CRWV proposed sales of Common shares by multiple holders, primarily executed under 10b5-1 plans. The filing lists numerous transactions between 01/05/2026 and 03/30/2026, with individual sales shown (examples: 300,000 shares for Brannin McBee on 03/09/2026, proceeds $21,782,820.00). The notice supplies per-transaction share counts and gross proceeds for reporting of resale activity.
CRWV submitted a Form 144 reporting planned sales of Common Stock, listing a 100,000 shares block with an aggregate value of $7,481,000. The notice references numerous 10b5-1 program sales by multiple holders and a large charitable sale of 303,929 shares for $22,930,105.76.
Sales and holder names are listed by date, with a dated snapshot showing 419,028,081 shares and a reporting date of 03/30/2026.
CoreWeave, Inc.’s CEO and President Michael N. Intrator reported net stock sales alongside a small share conversion. On March 25, 2026, an entity associated with him, Omnadora Capital LLC, converted 50,000 shares of Class B Common Stock into 50,000 shares of Class A Common Stock at an exercise price of $0.0000 per share, then sold those 50,000 Class A shares in multiple open-market transactions.
On the same date, Intrator directly sold an additional 32,456 shares of Class A Common Stock in several open-market trades at prices reported between about $85.60 and $88.25 per share, for total reported sales of 82,456 Class A shares. At least one sale was effected pursuant to a Rule 10b5-1 trading plan adopted on May 23, 2025. Following these transactions, he continued to hold 5,666,501 Class A shares directly, along with substantial Class B holdings convertible into Class A shares.

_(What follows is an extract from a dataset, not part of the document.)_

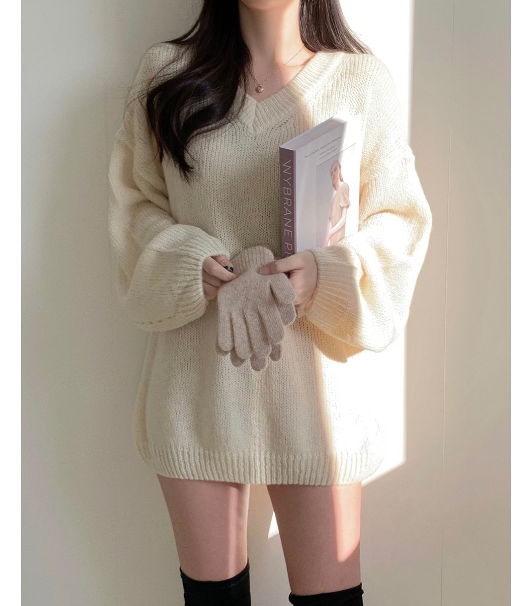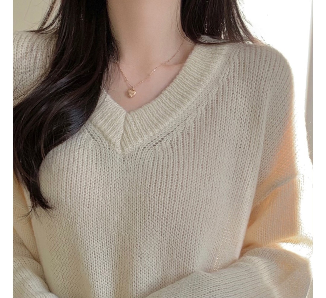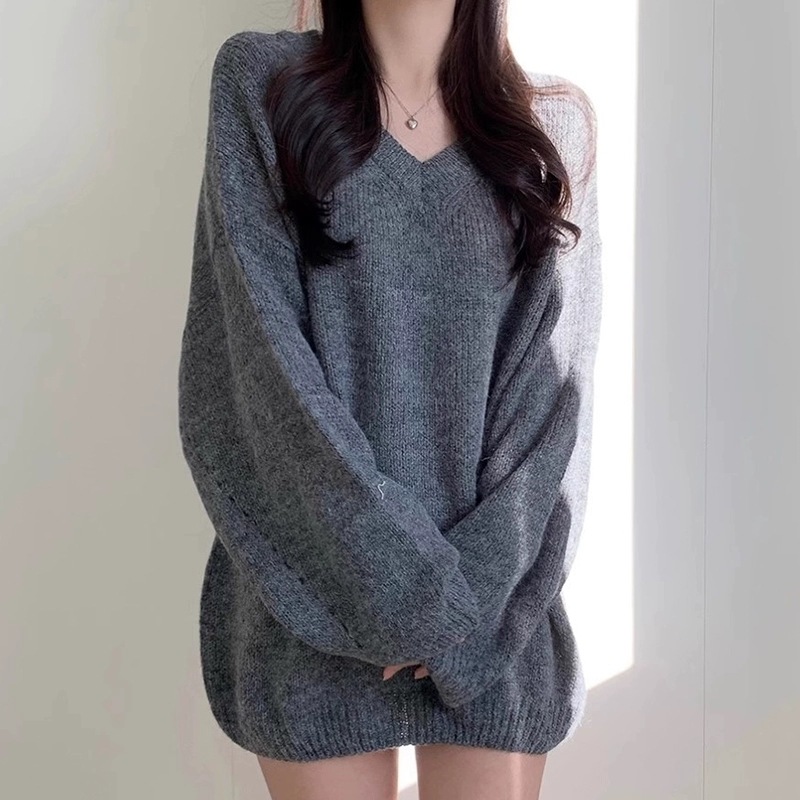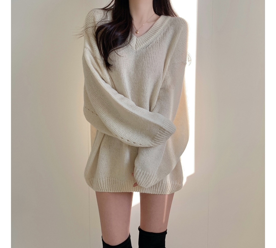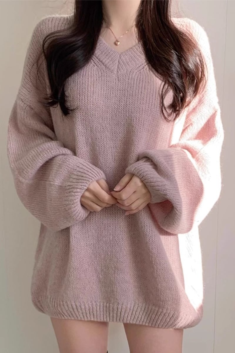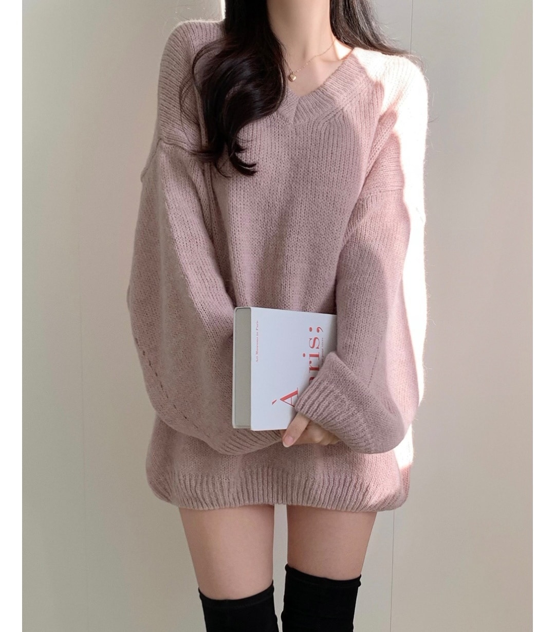 シンプルゆったり人気ニットセーター可愛新作Vネックミニニットワンピース ニット

The Vanguard Group files an amendment to a Schedule 13G for CoreWeave Inc reporting zero beneficial ownership. The filing states that following an internal realignment on January 12, 2026, certain Vanguard subsidiaries will report holdings separately and Vanguard no longer reports beneficial ownership of the shares. The filing lists Amount beneficially owned: 0 and Percent of class: 0%.
CoreWeave, Inc.’s Chief Development Officer Brannin McBee reported a set of trust-related transactions that converted Class B into Class A shares and then sold the resulting Class A stock. Grantor retained annuity trusts named Canis Major 2025 GRAT and Canis Minor 2025 GRAT converted an aggregate 22,915 shares of Class B Common Stock into the same number of Class A shares at a conversion price of $0.00 per share. Those trusts then sold 22,915 shares of Class A Common Stock in multiple open-market transactions at weighted-average prices such as $81.0557, $81.8776, $82.9810, $83.8088 and $84.7347 per share. A footnote states these sales were effected under a Rule 10b5-1 trading plan adopted on November 17, 2025. McBee continues to have indirect exposure to CoreWeave through several trusts and LLCs that hold Class B shares convertible into Class A, as well as additional indirect Class A holdings.
CoreWeave, Inc.’s Chief Development Officer Brannin McBee converted 143,750 shares of Class B Common Stock into an equal number of Class A shares on March 23, 2026, then sold 143,750 Class A shares in multiple open-market transactions at weighted-average prices in the low-to-mid $80 range pursuant to a Rule 10b5-1 trading plan adopted on November 17, 2025.
After these transactions, McBee directly owns 248,664 Class A shares. He also continues to have substantial Class B holdings, including 7,691,660 shares directly, 2,196,975 through his spouse, and 3,830,595 through the Brannin J. McBee 2022 Irrevocable Trust.